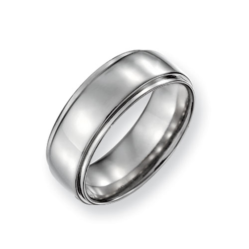 Titanium wedding band has a domed center and ridged edges. Polished finish. Width: 8mm. Made of aircraft grade titanium in China. Comfort fit. Aircraft grade titanium [Ti 6Al-4V] is comprised of 90% titanium, 6% aluminum, 4% vanadium. It is hypoallergenic and guaranteed not to cause allergic reactions, skin irritations or discoloration of any sort. While pure grades of titanium [99.9%] used in most other titanium jewelry is very durable, Ti 6Al-4V is 2x stronger and 2.5x to 5x harder. This alloy has a tensile strength of up to 150,000 psi and a Brinell hardness value of 330.
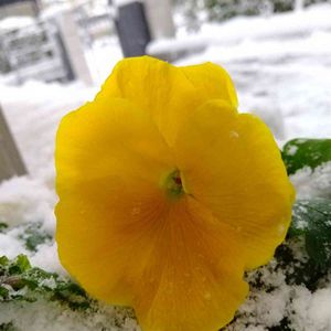 おはようございます😊 雪の中のパンジー💛 今朝起きたら一面の銀世界でした☃️ しかも吹雪いてる🥶🌀 軒下組も全部雪の中❄️ とりあえずお花が見えるようにしてあげました😅🧤 雪国のみなさん、 どうかお気をつけて🤗 今日も1日元気に過ごせますように🐻❄️
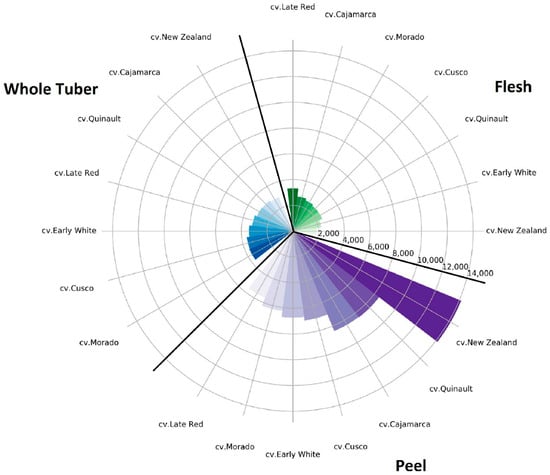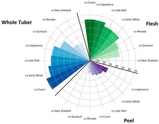 The ranking of the studied cultivars in decreasing order according to the total dry matter content of their flesh and whole tuber is as follows: cv. Morado > cv. Late Red > cv. New Zealand > cv. Early White > cv. Quinault > cv. Cusco > cv. Cajamarca. The total sugar content varied between cultivars. The lowest sugar content was noted for cv. New Zealand in the flesh, peel, and whole tuber. With regard to TPC, TFC, DPPH radical scavenging activity and FRAP of flesh and whole tubers, cv. Late Red, cv. Cajamarca, and cv. Morado were the three top cultivars while cv. New Zealand contained the lowest TPC and TFC when grown under European environmental conditions. However, the highest ABTS radical scavenging activity of the flesh and whole tubers was determined in cv. New Zealand and was the lowest for cv. Late Red which points to the importance of further investigations to determine the individual bioactive compounds.
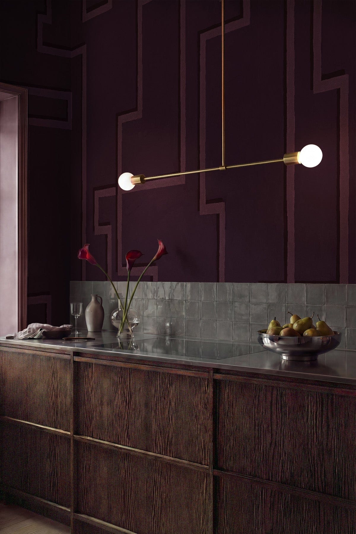 The Shadow Lines wall mural in purple is a bold and refined design, defined by irregular graphic lines that rise with a dynamic sense of movement. Structured yet intentionally uneven, the composition is enhanced by subtle shadow effects that add depth and dimension. Hand-painted with precision, the sharp linear elements draw inspiration from Art Deco, blending timeless elegance with a contemporary edge. Rich purple tones bring a sense of depth and sophistication, shifting beautifully with the light and adding a dramatic yet balanced character. Shadow Lines in Purple is a confident statement piece, perfect for interiors seeking a modern expression with artistic refinement.
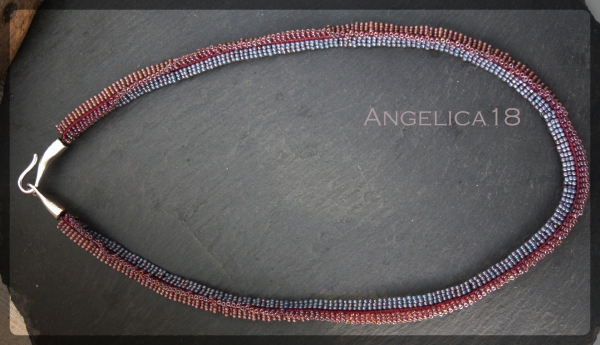eigentlich nur eine Armbandidee, aber für mich normal zu schmal und fipsig. Deshalb habe ich es doppelt gearbeitet und als Wickelarmband gefertigt.
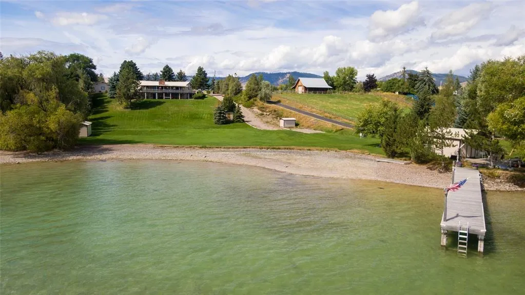Are you looking for a lake home with plenty of room to roam, both inside and out? Visit this lovely lakefront offering! The property boasts 194 feet of pebble frontage, with a gentle lawn to lake slope on 1.9 acres. The home, which has an open easy flow and stunning wood features, offers 4 bedrooms, 2 of which are ensuite. There are massive living areas on both levels, and storage galore. The primary "wing" is on the main level, and separate from other bedrooms. Kitchen is open to living/dining for easy entertaining. Exterior offerings are many, including wraparound deck, covered patio on lower level, lawn irrigation from the lake, multiple storage sheds, circular driveway with overflow parking and detached 5-car garage/carport. The lakefront is expansive, with a large dock and cheery lake cabin for bunking, storage, extra fridge, etc. Gorgeous lake and mountain views from every window, 5 mins to town...this is fabulous lake living!
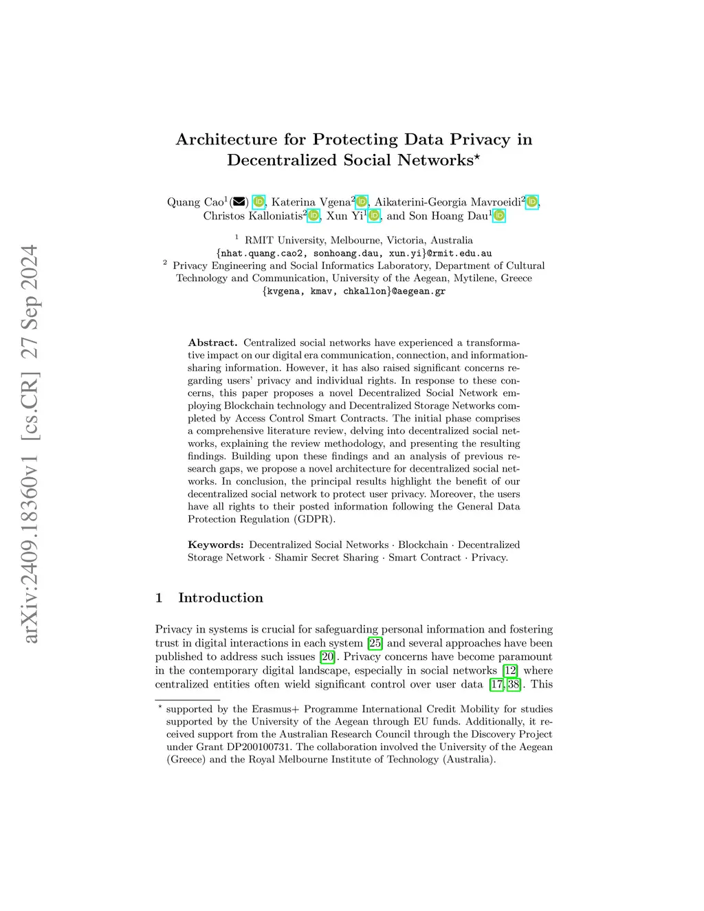 Centralized social networks have experienced a transformative impact on our digital era communication, connection, and information-sharing information. However, it has also raised significant concerns regarding users' privacy and individual rights. In response to these concerns, this paper proposes a novel Decentralized Social Network employing Blockchain technology and Decentralized Storage Networks completed by Access Control Smart Contracts. The initial phase comprises a comprehensive literature review, delving into decentralized social networks, explaining the review methodology, and presenting the resulting findings. Building upon these findings and an analysis of previous research gaps, we propose a novel architecture for decentralized social networks. In conclusion, the principal results highlight the benefit of our decentralized social network to protect user privacy. Moreover, the users have all rights to their posted information following the General Data Protection Regulation (GDPR).
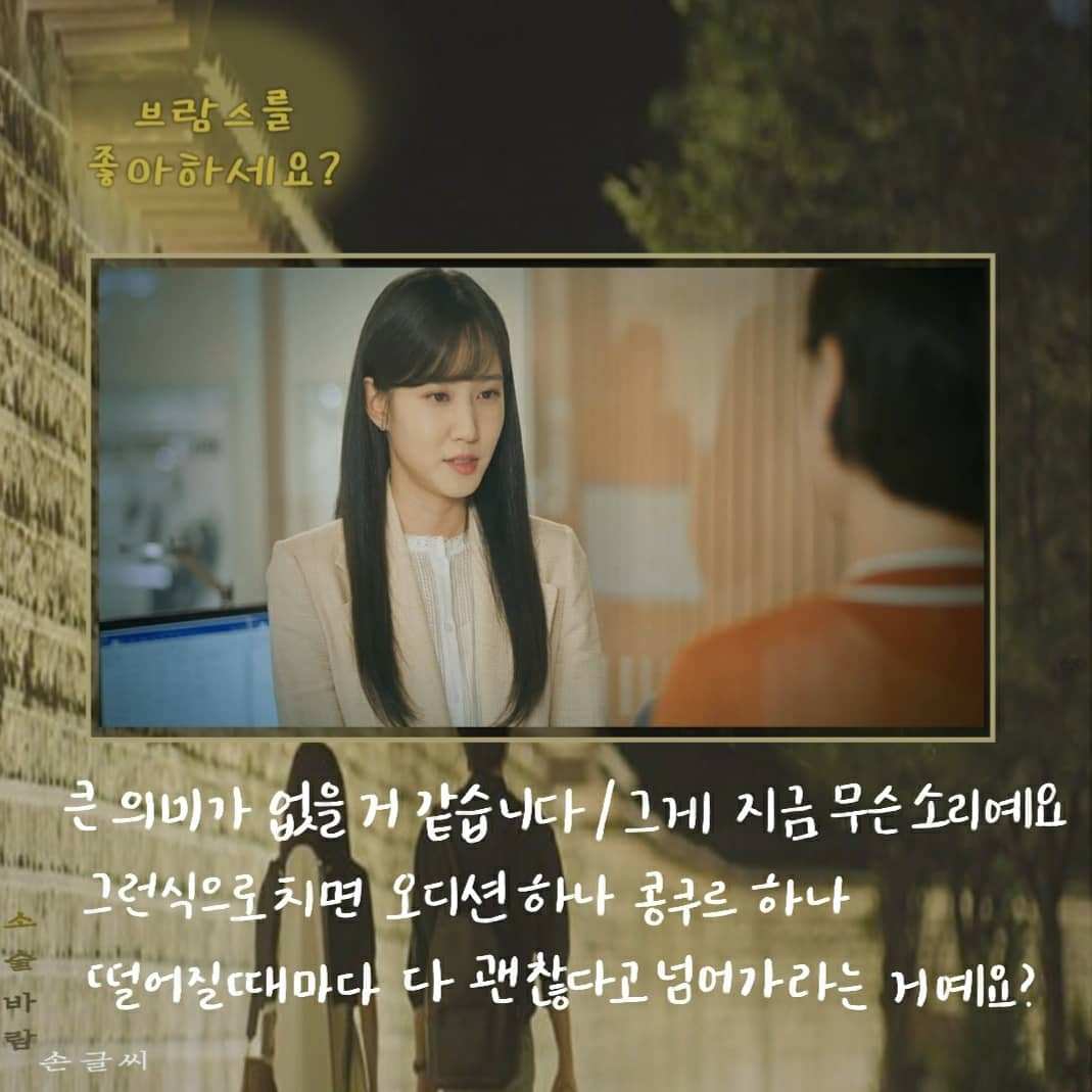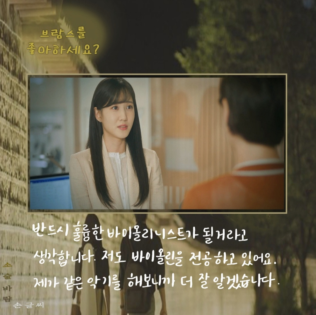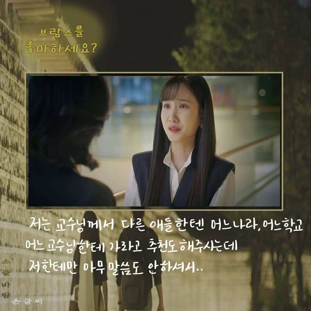 송아의 지도교수는 오로지 인맥 때문에 송아에게 대학원 진학을 권유한다. 4년 동안 지켜봤는데 다른 애들보다 음악을 늦게 시작해서 실력이 별로 안 늘어서 마음이 갔다고 한다. 마음에도 없는 말을 하는 이교수의 대사로 <청춘 기록>의 대사가 떠올랐다.

=======

▸ **Exercise brief**
Output exactly the lines above that lie between the line with "eigentlich nur eine" and the line with "Are you looking", those two lines included, and no pictures.

▸ **Answer for the task**
eigentlich nur eine Armbandidee, aber für mich normal zu schmal und fipsig. Deshalb habe ich es doppelt gearbeitet und als Wickelarmband gefertigt.
Are you looking for a lake home with plenty of room to roam, both inside and out? Visit this lovely lakefront offering! The property boasts 194 feet of pebble frontage, with a gentle lawn to lake slope on 1.9 acres. The home, which has an open easy flow and stunning wood features, offers 4 bedrooms, 2 of which are ensuite. There are massive living areas on both levels, and storage galore. The primary "wing" is on the main level, and separate from other bedrooms. Kitchen is open to living/dining for easy entertaining. Exterior offerings are many, including wraparound deck, covered patio on lower level, lawn irrigation from the lake, multiple storage sheds, circular driveway with overflow parking and detached 5-car garage/carport. The lakefront is expansive, with a large dock and cheery lake cabin for bunking, storage, extra fridge, etc. Gorgeous lake and mountain views from every window, 5 mins to town...this is fabulous lake living!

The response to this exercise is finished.